2015-02-06 17:52:46; Aktualizacja: 9 lat temu
Najtragiczniejszy dzień w historii Manchesteru United Fot. Transfery.info
Marcin Żelechowski
Marcin Żelechowski Źródło: Red Zone

- Czy to nie przerażające? - usłyszał mężczyzna stojący na przystanku od przechodzącej obok kobiety.
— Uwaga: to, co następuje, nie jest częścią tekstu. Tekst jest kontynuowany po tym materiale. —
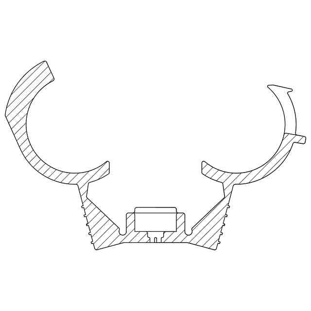本願意匠に係る物品は、建築物等の構造体に配管を固定するための配管用支持具であって、「使用状態を示す参考図1」に示すように、台座部の中央にビスを打ち込むことで、台座部の撓みがやや平らになるとともに、配管支持部が半閉じの状態で構造体に固定される。配管を設置する際は、「使用状態を示す参考図2」に示すように、配管を配管支持部の間に押し込むことで配管支持部が配管を挟むように閉じることで固定される。
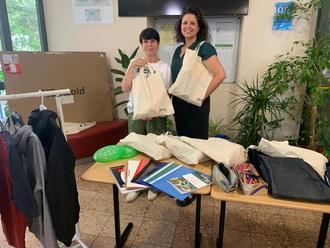 Und prompt haben die Engel des Fördervereins wohlverdient den Sozialpreis gewonnen. Das Kulturforum hat daraufhin die unglaubliche Summe von 1.000 Euro gespendet, sodass der Förderverein nicht nur Taschen für die „soziale Kleiderstange” packen (bestehend aus Unterrichtsmaterial und Sportbekleidung, siehe Bild), sondern das gespendete Geld ebenfalls für die „Gesunde Pause“ verwenden konnte, in der den SchülerInnen in der Hausaufgabenbetreuung frisches Obst angeboten wird.
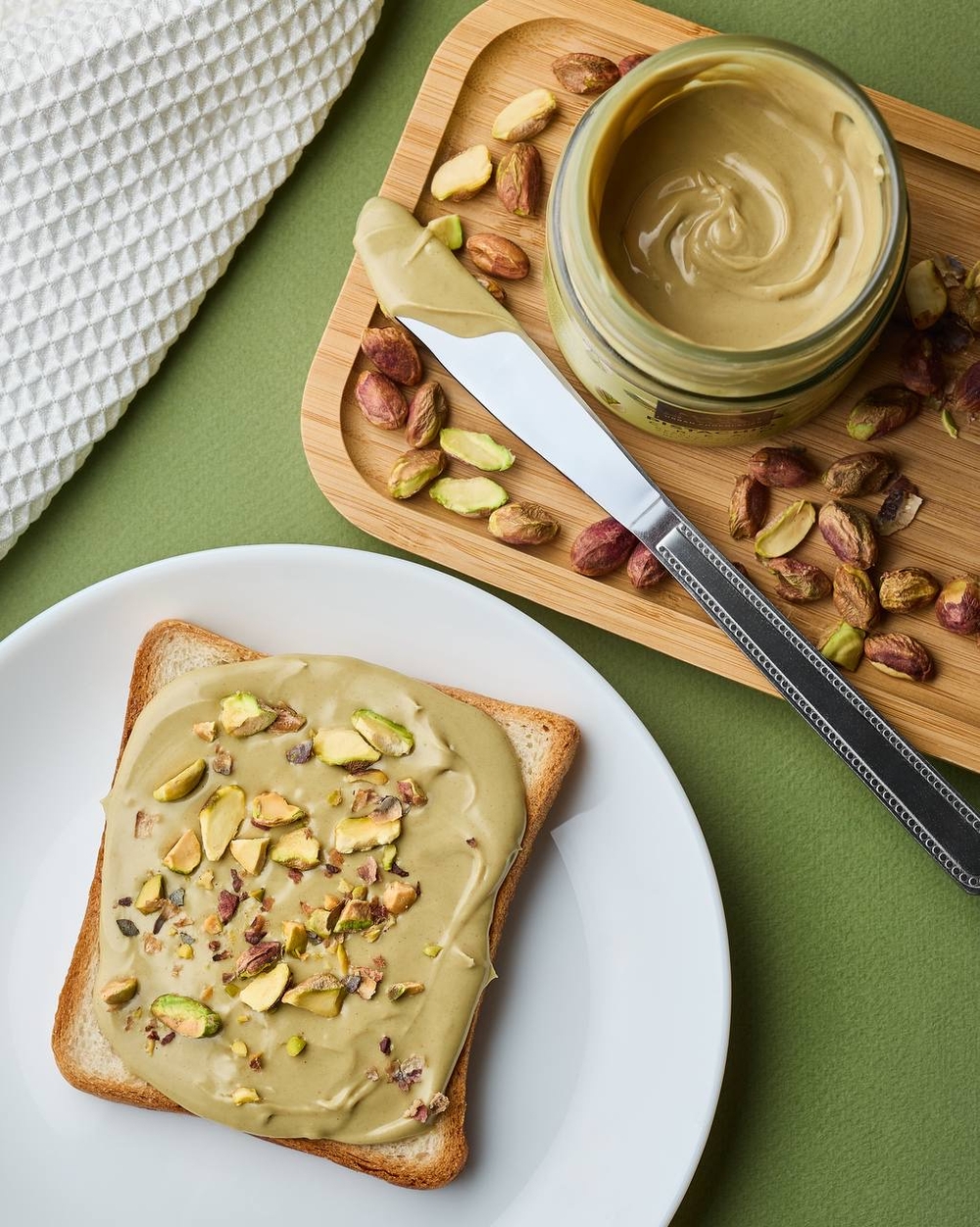 Сахар, фисташки жареные тертые, жир кондитерский (рафинированные дезодорированные растительные масла: ши, рапсовое, соевое, полностью гирогенезированное пальмовое), сыворотка молочная сухая, молоко сухое обезжиренное, заменитель молочного жира (рафинированнык дезодорированные растительные масла: пальмовое, подсолнечное, соевое, рапсовое), семена тыквы жаренные тертые, эмульгатор лецитин соевый, соль пищевая, ароматизатор ванилин, фисташка. Содержит орехи, продукты переработки сои и молока.

Słowa te i tak nie są w stanie wyrazić tego, co wydarzyło się 6 lutego na monachijskim lotnisku. Wspomniany mężczyzna to Bryan Hughes, długoletni kibic Manchesteru United. Jeszcze po powrocie do domu długo nie wierzył w to, co słyszał. Wśród ludzi zapanowało poruszenie, nikt nie mógł potwierdzić krążących doniesień. Jednak gdy nadano pierwsze oficjalne komunikaty, a w obieg weszły nowe wydania gazet, wszystko stało się jasne. "Busby Babes killed in plane tragedy" - informował "London Herald". Koszmarne plotki okazały się prawdą. Śmierć w tragicznych okolicznościach poniosło ośmiu piłkarzy Czerwonych Diabłów, a także dziennikarze, członkowie sztabu szkoleniowego i osoby z zarządu klubu.
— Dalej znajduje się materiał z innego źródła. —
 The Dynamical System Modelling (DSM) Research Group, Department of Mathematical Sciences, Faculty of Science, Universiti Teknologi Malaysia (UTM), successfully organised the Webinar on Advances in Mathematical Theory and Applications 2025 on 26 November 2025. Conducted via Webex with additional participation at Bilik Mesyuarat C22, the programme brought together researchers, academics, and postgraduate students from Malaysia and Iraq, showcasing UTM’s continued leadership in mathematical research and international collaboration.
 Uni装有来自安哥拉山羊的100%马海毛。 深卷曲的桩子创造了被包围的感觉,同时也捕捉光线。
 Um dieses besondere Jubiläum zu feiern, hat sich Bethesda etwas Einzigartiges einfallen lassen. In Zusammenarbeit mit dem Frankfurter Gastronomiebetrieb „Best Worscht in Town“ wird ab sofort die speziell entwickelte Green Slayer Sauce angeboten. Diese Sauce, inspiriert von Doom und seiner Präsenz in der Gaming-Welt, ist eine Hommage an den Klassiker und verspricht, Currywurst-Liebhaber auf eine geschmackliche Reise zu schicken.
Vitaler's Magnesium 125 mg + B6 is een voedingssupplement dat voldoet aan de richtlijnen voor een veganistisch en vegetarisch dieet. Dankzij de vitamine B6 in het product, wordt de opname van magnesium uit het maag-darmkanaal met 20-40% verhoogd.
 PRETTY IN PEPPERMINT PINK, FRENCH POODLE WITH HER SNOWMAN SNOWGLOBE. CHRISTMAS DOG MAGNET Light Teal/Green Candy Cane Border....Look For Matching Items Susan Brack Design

Najtragiczniejszy dzień w historii Manchesteru United nie rozpoczął się wcale źle. Piłkarze i sztab wracali do domu po zakwalifikowaniu się do półfinału Pucharu Europy. Monachium było tylko przystankiem na trasie Belgrad-Manchester. Samolot miał uzupełnić paliwo. Na pokładzie panowała luźna atmosfera. Niektórzy spali po trudnym spotkaniu, inni dla zabicia czasu grali w karty, czytali książki czy po prostu dyskutowali o piłce.
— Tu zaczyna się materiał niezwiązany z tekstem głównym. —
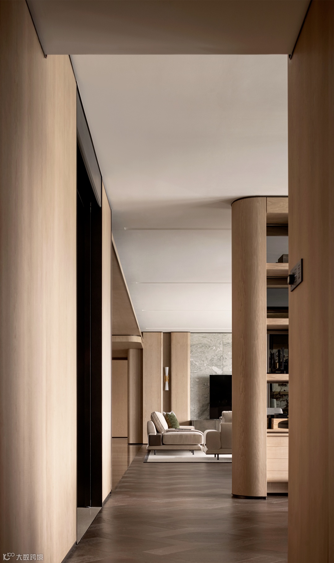 新联阳·雍萃项目坐落于繁忙城市与生态近郊之间,在城市接壤处实现一片城市绿洲,是设计目标,“如何融入居住生活、抽离城市喧嚣,并将周遭自然环境气息引入空间”便成为设计的出发点。
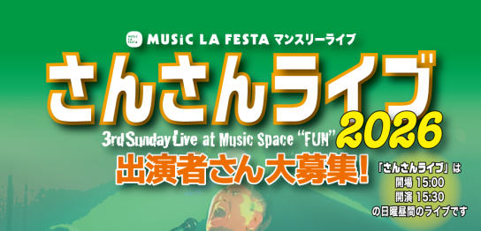 今月の26日(日)は、さんさんライブを開催します! 出演は、全5グループ。 ロックユニット、バンド、弾語りなど色々なジャンルが楽しめる1日になると思いま >>>
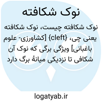 {cleft} [کشاورزی- علوم باغبانی] ویژگی برگی که نوک آن شکافی تا نزدیکی میانۀ برگ دارد
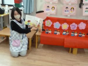 ひなまつり会では、絵本『だあれ?だあれ?のひなまつり』を読みました。絵本に出てきたひな壇のイラストを見て「かわいいね~♡」と嬉しそうな声も聞こえてきましたよ~!

Niepokój i nerwowe spojrzenia pojawiły się po pierwszej próbie startu. Piloci James Thain i Kenneth Rayment zauważyli, że jeden z silników jest niesprawny, i zawrócili na początek pasa. "Dziwny hałas nasilał się, samolot przyśpieszał, aż nagle poczułem ostry ból w dłoni, gdy Ken zamknął przepustnice i krzyknął, aby przerwać start", wspomina Thain. Osobą, która już wtedy pomyślała, iż może to być jej ostatni lot w życiu, był Duncan Edwards. Młody Anglik postanowił wysłać rodzinie telegram o problemach na lotnisku. Tamtego dnia warunki pogodowe były bardzo ciężkie. Padający śnieg utrudniał wystartowanie z Monachium do Manchesteru.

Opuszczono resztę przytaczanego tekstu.